## GOAL OF THE EXERCISE
The answer is to be the data that follows, transcribed exactly, minus its pictures.
------ DATA RECORDS
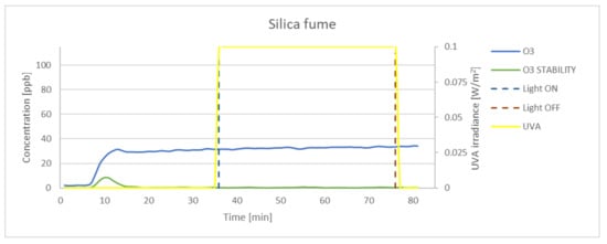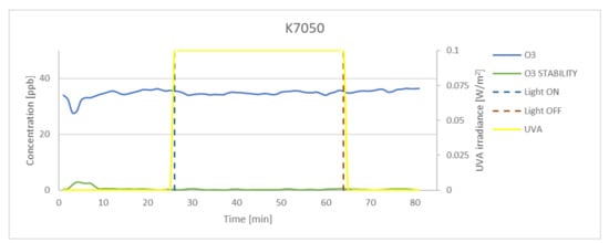 Although numerous preliminary tests were conducted, the concentration achieved in the chamber was lower than that set at the inlet. The measured concentration of ozone in dark conditions for 100 ppb at the inlet was on average 65 ppb. The experimental results obtained for P25, K7050, and K7000 samples and silica fume are presented in Figure 9, Figure 10, Figure 11 and Figure 12. The results indicated that the reduction of ozone concentration (K7050—6.45%, K7000—4.85%, P25—0.87%) was much lower than in the case of nitrogen oxides. No evident oxidation of ozone concentration was observed for silica fume. Despite a lower level of reduction, similar to NOx, the process of oxidation began immediately after UVA irradiation.
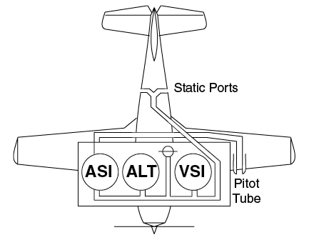The pitot-static system consists of a pitot (pressure-sensing) tube, a static (zero pressure) source, and related plumbing and filters. The pitot-static instruments are the airspeed indicator, the altimeter, and the vertical speed indicator; they measure changes in air pressure caused by the airplaneās vertical and horizontal movements in the atmosphere (see Figure 1-1).
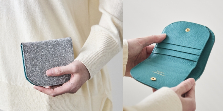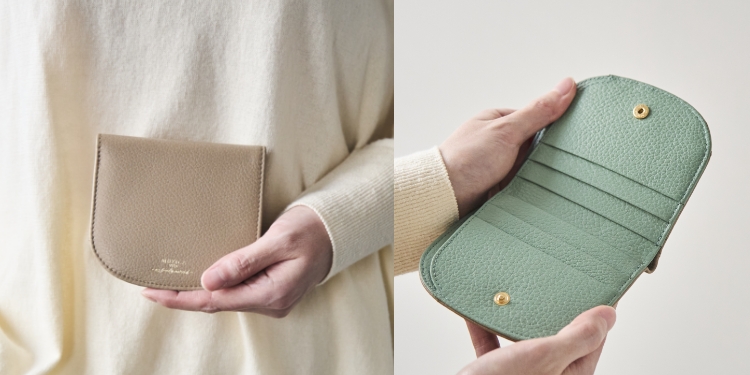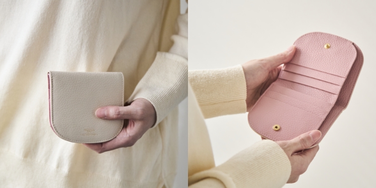 女性の手の中に納まるくらいのコンパクトなサイズ感が特徴の2つ折りミニ財布は、丸みのあるシルエットで、ブランドオリジナルの仕様です。
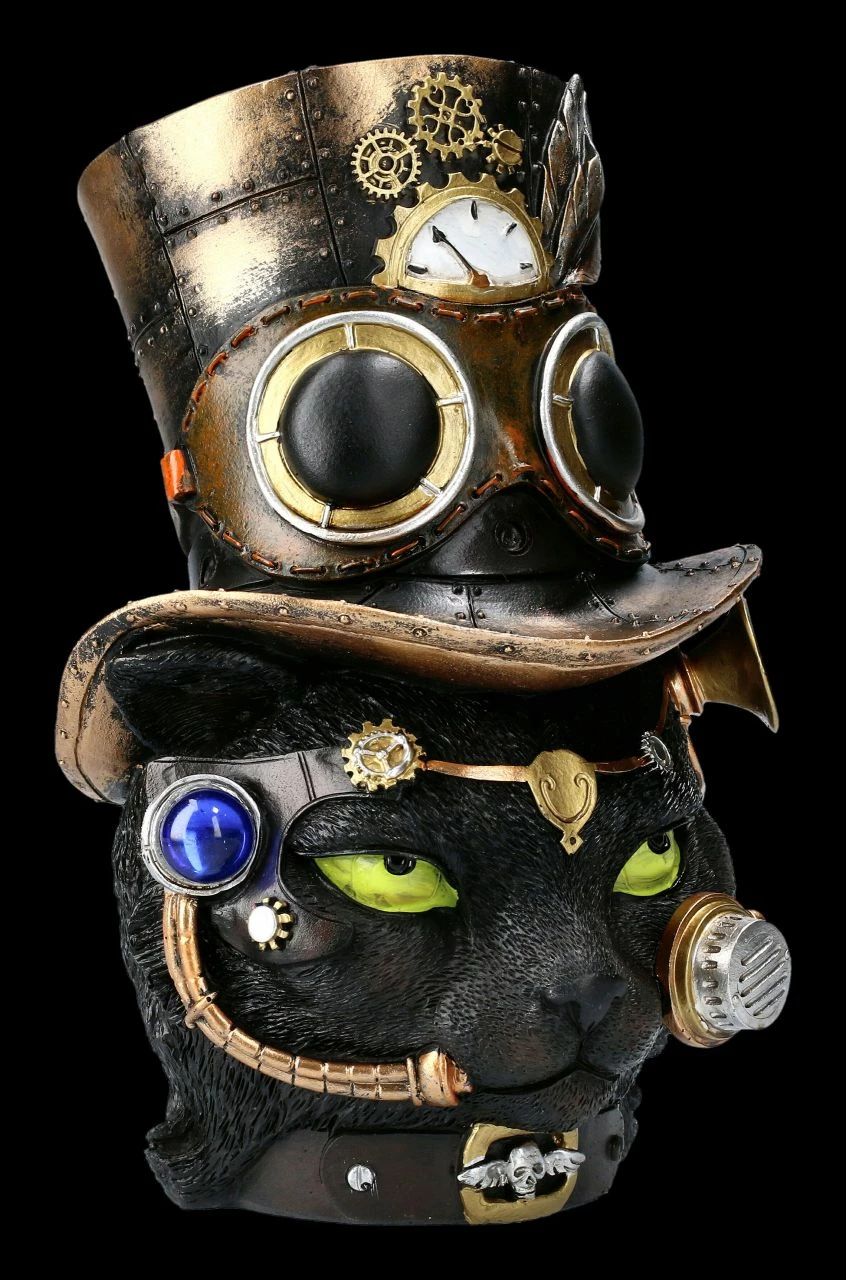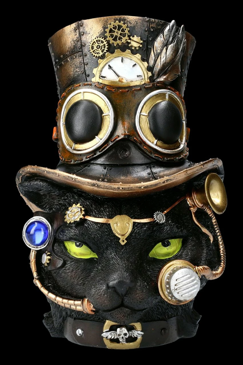 Diese Figur wird jeden begeistern. Vorsicht! Ein magischer Blick aus hypnotisch grünen Augen trifft Sie, wenn Sie diese außergewöhniche Steampunk Büste des Felius Mogg betrachten. Die schwarze Steampunk Katze mit Hut ist faszinierend detailreich aus von Hand bemaltem Kunststein (Polyresin) gefertigt. Die vielen technischen Details der 21 cm hohen, 16 cm breiten und 15 cm tiefen Steampunk Büste wirken wie aus Metall gefertigt. Felius Mogg ist nicht nur für Steampunk Fans, sondern auch für Katzenfreunde ein ganz besonders ausgefallenes Geschenk.
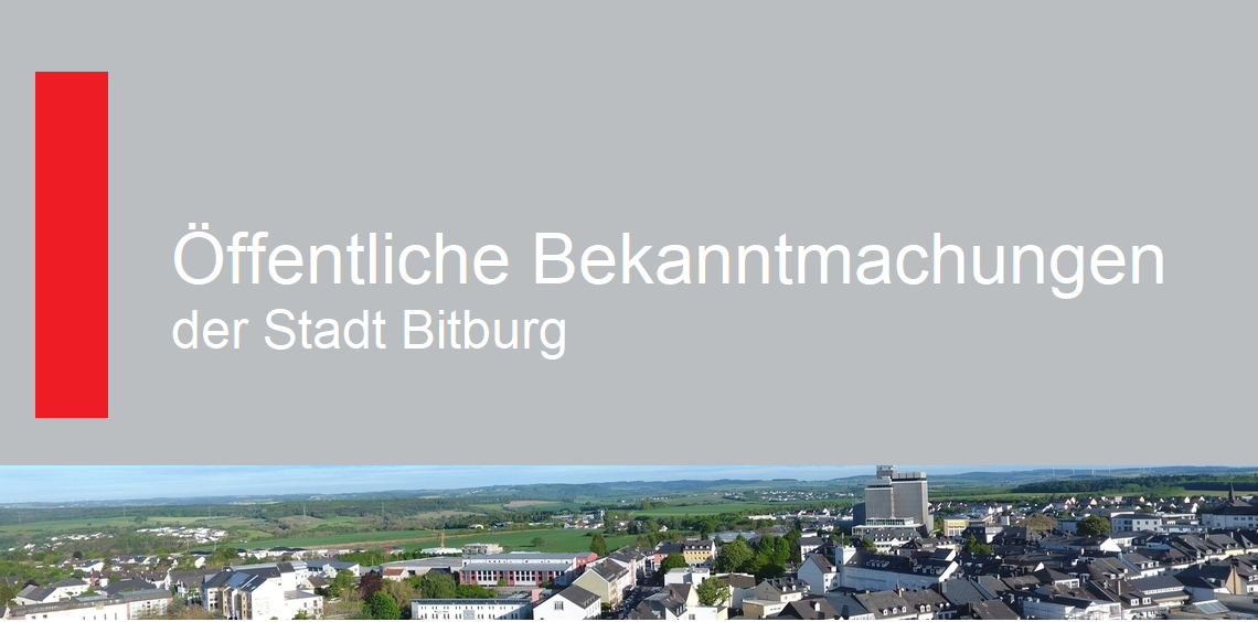 Zur Prüfung und Feststellung der Wahlergebnisse für die Wahl der/des hauptamtlichen Bürgermeisterin/Bürgermeisters der Stadt Bitburg am 15. Juni 2025 ist eine öffentliche Sitzung des Wahlausschusses der Stadt Bitburg für Montag, den 16. Juni 2025, 17.00 Uhr
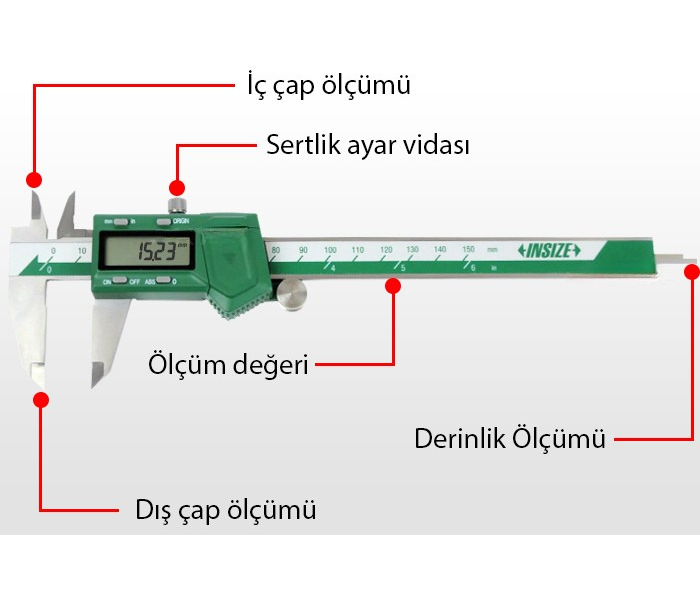 - İnsize 1103-150 dijital kumpas; 0 ile 150 mm arasında ölçüm yapabilmektedir.
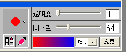 | マーカーは透明感のある線を描く時に使います。仕上に輪郭の線を描くのに適しています。マーカーのオプション指定は筆の場合と似ていますので、それに準じて考えてください。オプション・ウィンドウでは透明度の指定ができます。透明度は数値が上がる程薄い色で塗りつけることが出来ます。
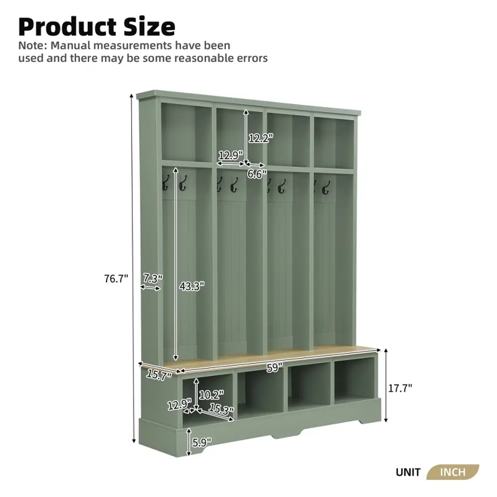 Orrd 59" Farmhouse Hall Tree Bench With 8 Hooks & Storage, 3-in-1 Entryway Organizer For Mudroom, Shoe Rack, Rustic Style,green
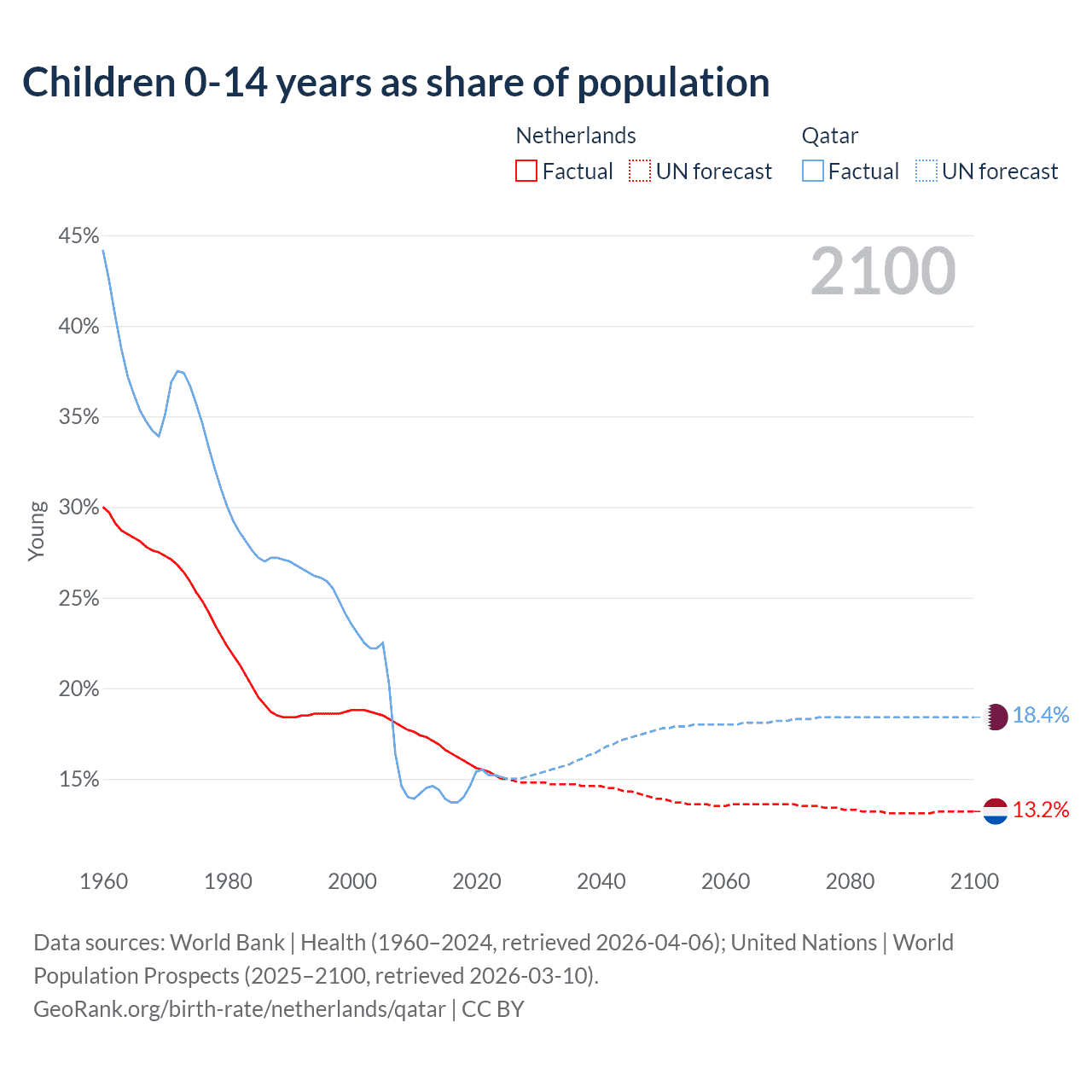 According to the latest available data on birth rates, the fertility rate in the Netherlands was 1.43 children per woman in 2023, compared to 1.73 in Qatar in 2023. The replacement level is considered to be 2.1 children per woman.
------------
## RESPONSE TO THE EXERCISE
 Although numerous preliminary tests were conducted, the concentration achieved in the chamber was lower than that set at the inlet. The measured concentration of ozone in dark conditions for 100 ppb at the inlet was on average 65 ppb. The experimental results obtained for P25, K7050, and K7000 samples and silica fume are presented in Figure 9, Figure 10, Figure 11 and Figure 12. The results indicated that the reduction of ozone concentration (K7050—6.45%, K7000—4.85%, P25—0.87%) was much lower than in the case of nitrogen oxides. No evident oxidation of ozone concentration was observed for silica fume. Despite a lower level of reduction, similar to NOx, the process of oxidation began immediately after UVA irradiation.
The pitot-static system consists of a pitot (pressure-sensing) tube, a static (zero pressure) source, and related plumbing and filters. The pitot-static instruments are the airspeed indicator, the altimeter, and the vertical speed indicator; they measure changes in air pressure caused by the airplaneās vertical and horizontal movements in the atmosphere (see Figure 1-1).
 女性の手の中に納まるくらいのコンパクトなサイズ感が特徴の2つ折りミニ財布は、丸みのあるシルエットで、ブランドオリジナルの仕様です。
 Diese Figur wird jeden begeistern. Vorsicht! Ein magischer Blick aus hypnotisch grünen Augen trifft Sie, wenn Sie diese außergewöhniche Steampunk Büste des Felius Mogg betrachten. Die schwarze Steampunk Katze mit Hut ist faszinierend detailreich aus von Hand bemaltem Kunststein (Polyresin) gefertigt. Die vielen technischen Details der 21 cm hohen, 16 cm breiten und 15 cm tiefen Steampunk Büste wirken wie aus Metall gefertigt. Felius Mogg ist nicht nur für Steampunk Fans, sondern auch für Katzenfreunde ein ganz besonders ausgefallenes Geschenk.
 Zur Prüfung und Feststellung der Wahlergebnisse für die Wahl der/des hauptamtlichen Bürgermeisterin/Bürgermeisters der Stadt Bitburg am 15. Juni 2025 ist eine öffentliche Sitzung des Wahlausschusses der Stadt Bitburg für Montag, den 16. Juni 2025, 17.00 Uhr
 - İnsize 1103-150 dijital kumpas; 0 ile 150 mm arasında ölçüm yapabilmektedir.
 | マーカーは透明感のある線を描く時に使います。仕上に輪郭の線を描くのに適しています。マーカーのオプション指定は筆の場合と似ていますので、それに準じて考えてください。オプション・ウィンドウでは透明度の指定ができます。透明度は数値が上がる程薄い色で塗りつけることが出来ます。
 Orrd 59" Farmhouse Hall Tree Bench With 8 Hooks & Storage, 3-in-1 Entryway Organizer For Mudroom, Shoe Rack, Rustic Style,green
 According to the latest available data on birth rates, the fertility rate in the Netherlands was 1.43 children per woman in 2023, compared to 1.73 in Qatar in 2023. The replacement level is considered to be 2.1 children per woman.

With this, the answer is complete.